McConnell acknowledged intra-party division on Tuesday, calling it "a complicated problem."

"We've done the best we can to develop a consensus among the broadest number of Republican senators -- and that's just the starting point," he said.

The Democrat-controlled House passed the 3-trillion-dollar relief package in May, but didn't gain approval from the Republican-held Senate. Democratic leaders have blamed the Republicans for "months-long disarray and delay."

"Republicans dithered for 3 months while Democrats pleaded for action on COVID," Schumer said. "And now that Republicans finally have a proposal, it's corporate focused, doesn't meet the needs of the American people, and half of their own caucus probably won't support it anyway."

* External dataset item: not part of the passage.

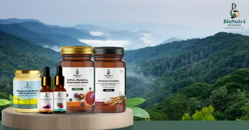 Our primary focus is on human nutrition, many products customized to specific human nutrition requirement for a daily basis, we manufacture highest quality-standard products from very special raw materials from mountain belts and valleys away from pollutions and grown in the biodiversified forests patches, they are highly potent in their natural occurring forms, clean label is our motto, we built this brand with utmost care & passion. Every raw material has been hand-picked specially for specific nutritional values. They are true treasures of Indian mountain regions, untouched by industrial pollutions, away from the national and state highways, away from the conventional farming sectors. We use these raw materials, meticulously hand-picked for manufacturing our high-quality products in our GMP facilities in Europe and in India with high precision and hygiene. At BioNutra Sciences we are specialized in dietary/ food supplements in vegan, vegetarian, plant-based and non-plant-based capsules, softgels, liquids, powders, superfoods, functional tea, nutrition rich beverage ready to mix spice mix, golden milk from Turmeric and other spices, super-greens for adults & gummies for children, adults & elderly.
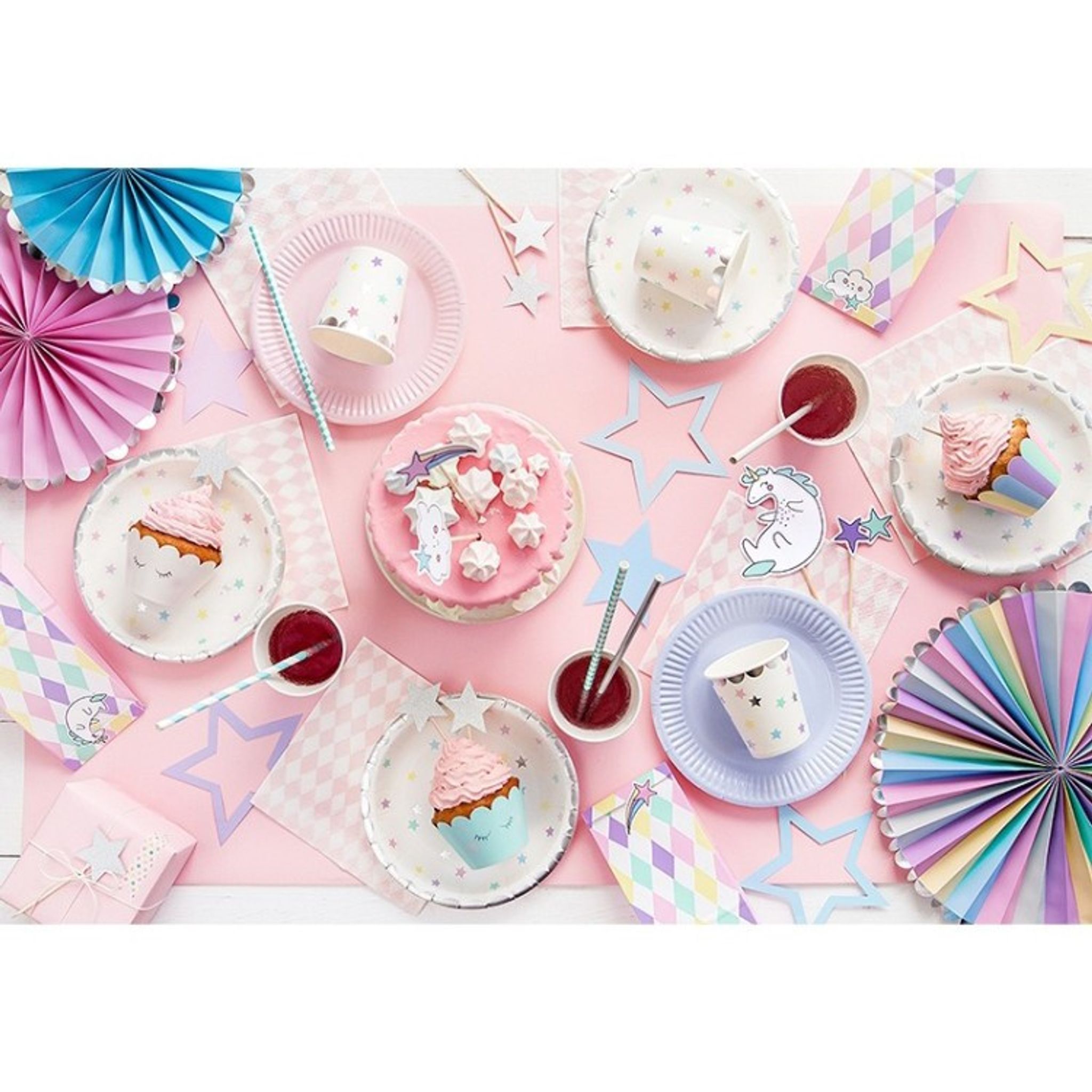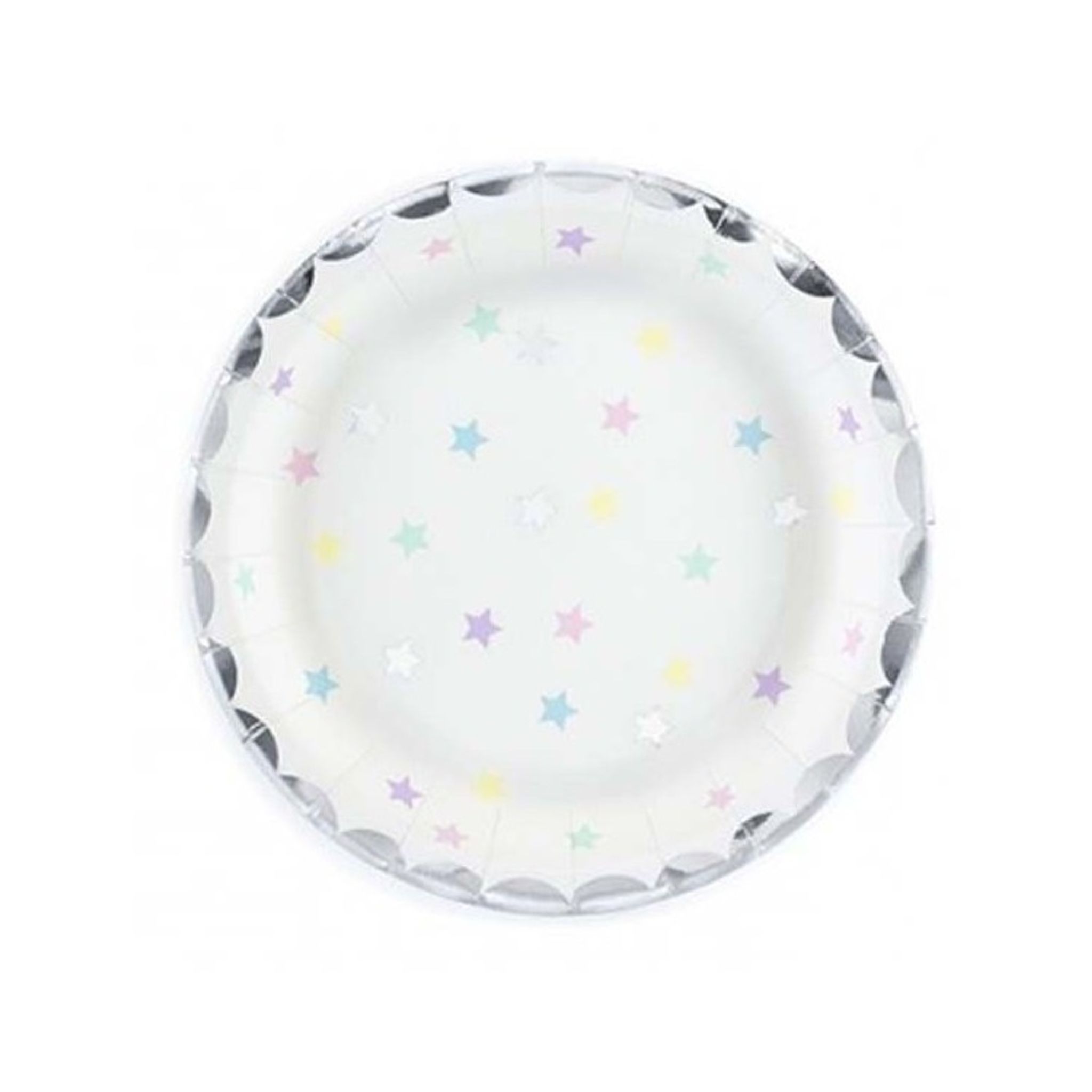 Stilrena papptallrikar i vitt med små, pastellfärgade stjärnor – en lekfull men elegant detalj till kalas, babyshowers eller andra festliga tillfällen. Tallrikarna har en diameter på ca 18 cm och passar perfekt för tårta, fika eller små rätter. Komplettera gärna med matchande pappersmuggar och andra produkter i serien för en enhetlig dukning!

McConnell, meanwhile, said Republicans have created "a serious framework," and the question is whether Democrats will come to the table "in good faith."

Posen told Xinhua he remains "confident" that some relief bill will be agreed before Congress goes on August recess.

"I expect it will be in the $2 trillion size range, it will include some extension of unemployment and some aid to state and local governments. And it will do some good," Posen said.